- Parent company: Believe Digital
- Founded: 1987
- Founder: Markus Staiger
- Status: Active
- Distributors: AMPED Distribution; Alternative Distribution Alliance; BMG Rights Management; Warner Music Group;
- Genre: Heavy metal; hard rock; hardcore punk; extreme metal;
- Country of origin: Germany
- Location: Donzdorf, Germany
- Official website: nuclearblast.de

= Nuclear Blast Records =

German independent record label

Nuclear Blast Records is a German record label with subsidiaries in Germany, the United States and Brazil. It was founded in 1987 by Markus Staiger in Donzdorf. Originally releasing hardcore punk records, the label moved on to releasing albums by thrash metal, melodic death metal, grindcore, industrial metal, power metal and black metal bands, as well as tribute albums. It also distributes and promotes post-hardcore/metalcore labels SharpTone Records. Another post-hardcore/metalcore label, Arising Empire, was in Nuclear Blast's portfolio until its acquisition by Kontor New Media in 2020.

In October 2018, French independent label Believe Digital acquired a majority stake in Nuclear Blast.

== History ==

Logo and typeface of Nuclear Blast used from 1987 to 2022

Nuclear Blast was formed in 1987 after founder Markus Staiger traveled throughout the United States for four weeks and saw a gig of his favorite band BL'AST!. The label's first release was a vinyl compilation called Senseless Death (NB 001) featuring US hardcore bands like Attitude, Sacred Denial, Impulse Manslaughter and others.

Swedish band Meshuggah became the first band in the history of Nuclear Blast Records to crack the Billboard 200, landing at number 165 with their 2002 album, Nothing. Meshuggah also became the first Nuclear Blast band to be reviewed in Rolling Stone magazine.

In 2004, Finnish symphonic metal band Nightwish released Once on Nuclear Blast, which rocketed to the top of the charts in multiple countries, including Finland, Germany, Norway, Greece, Sweden, Austria, and more.

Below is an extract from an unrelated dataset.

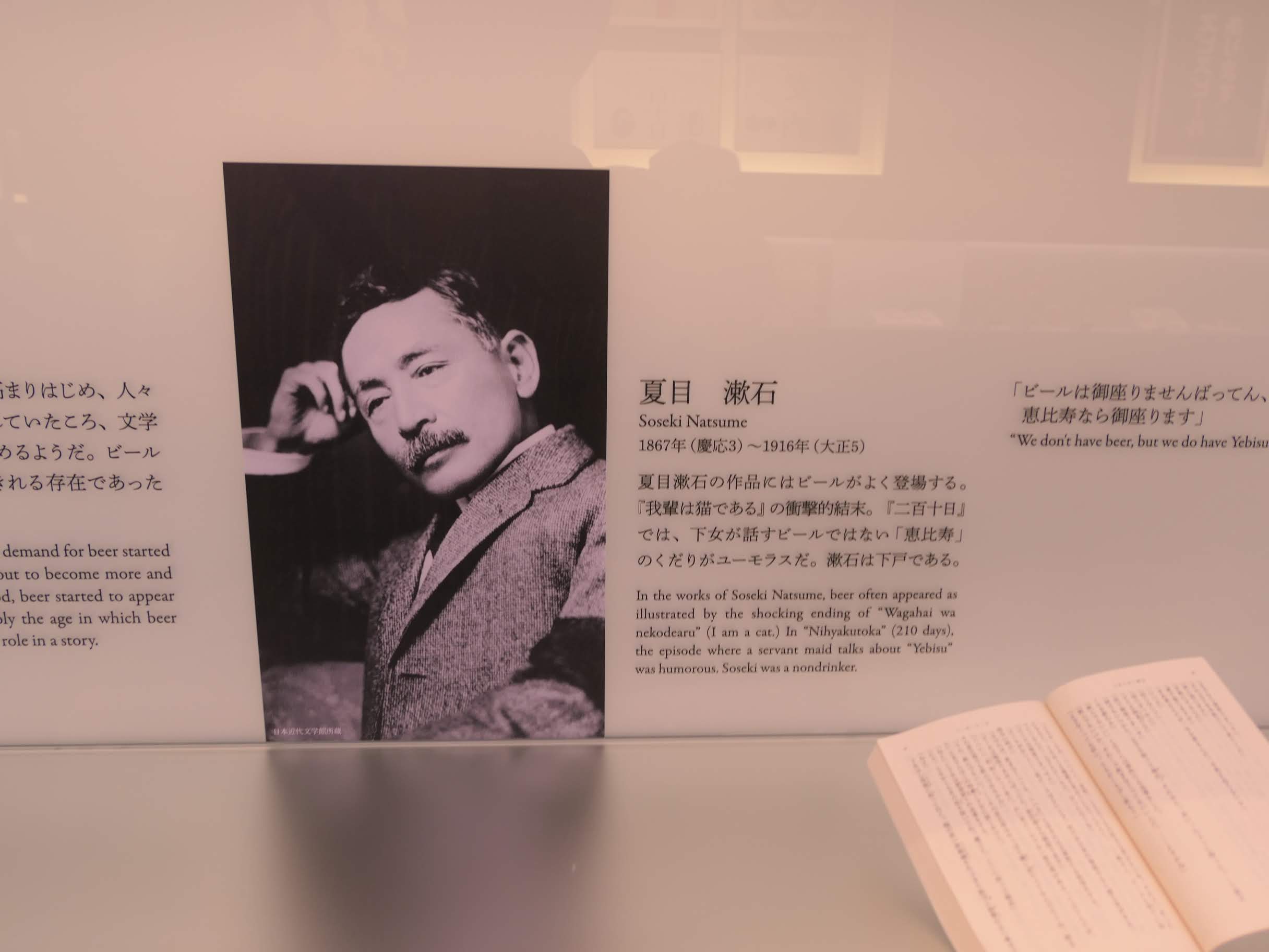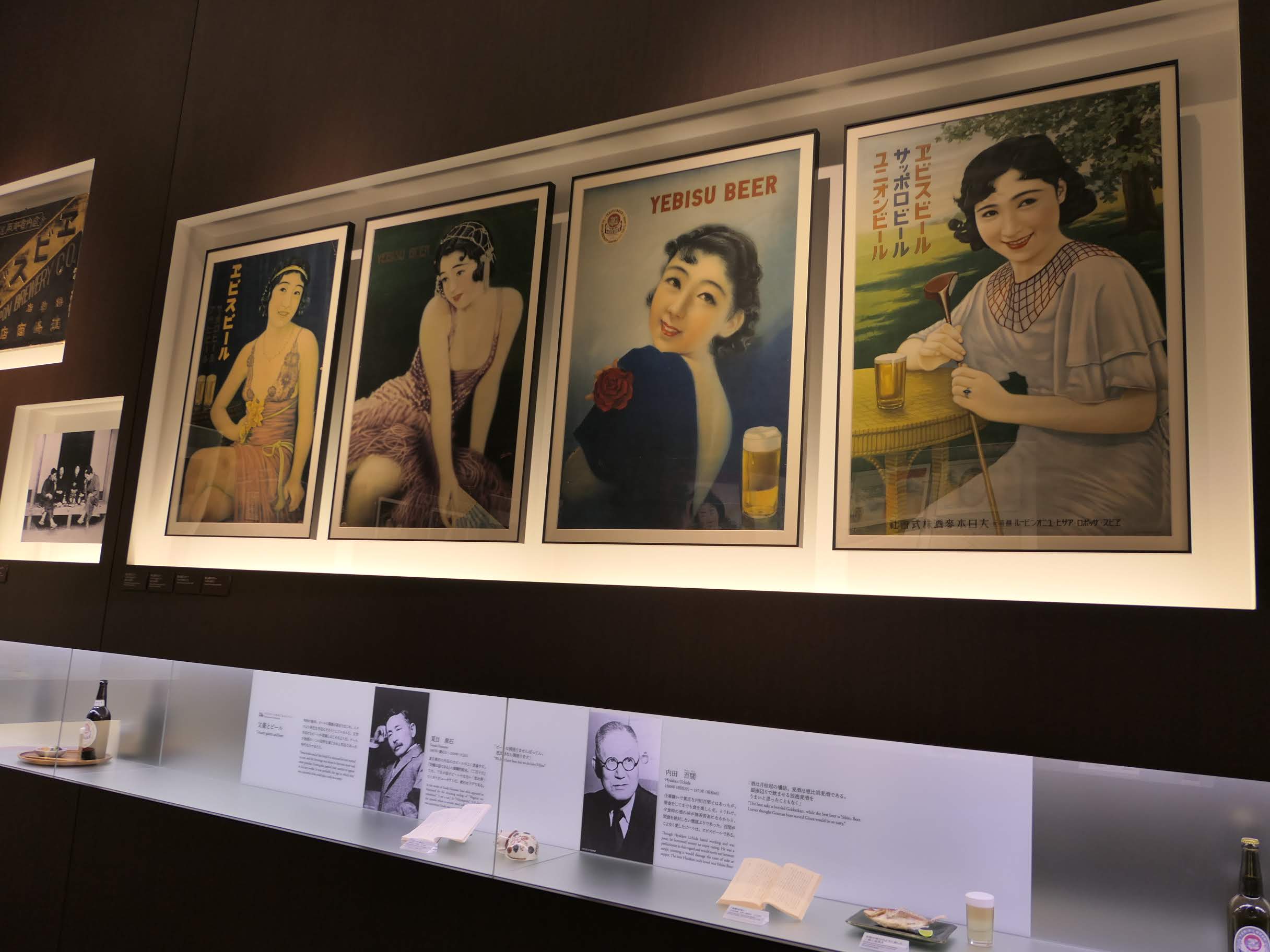 기품있게 맥주가 등장하는 포스터와 함께 에비스 맥주와 관계있는 작가들의 이야기가 전시되어 있다.
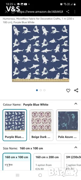 Тъкан ABAKUHAUS Shark, продаван на метри, хумор с различни жестове, плат от микрофибър за декоративни занаяти, 1 м (230 x 100 см), лилаво синьо бяло

It became the first release in the company's history to reach number 1 on the German charts. It was at this time that Nuclear Blast began releasing its compilation series of DVDs with Nuclear Blast: Monsters of Metal Vol. 1.

During the 2000s and 2010s, Nuclear Blast signed many veteran thrash metal bands including Slayer, Exodus, Testament, Anthrax, Kreator, Overkill, Sepultura, Destruction, Tankard, Death Angel, and Heathen.

Slayer released the album Repentless in 2015, which went to number 4 on the Billboard 200, making it the highest charting Nuclear Blast release in the United States.

In 2021, Nuclear Blast founder Markus Staiger launched a new record company called Atomic Fire GmbH.

In June 2022, Nuclear Blast unveiled a new logo. The logo caused some controversy when the canned water company Liquid Death jokingly noted its similarities with their logo (which also features a melting skull), inadvertedly leading to its designer, Justin Moll, receiving hate mail. Liquid Death quickly apologized for the joke, saying that it was not targeted at Moll but at Nuclear Blast, whose personnel had reportedly raised concerns over the new logo's similarities with Liquid Death's before it was implemented.

On 23 August 2022, the video game Saints Row was released, which features an in-game radio station that includes Nuclear Blast artists.

== Blood Blast Distribution ==
Blood Blast Distribution is a subsidiary of Nuclear Blast that solely focuses on the distribution of extreme music. The company was founded in 2020 by Bryce Lucien, Jerome Riera, Denis Ladegaillerie and Myriam Silberstein.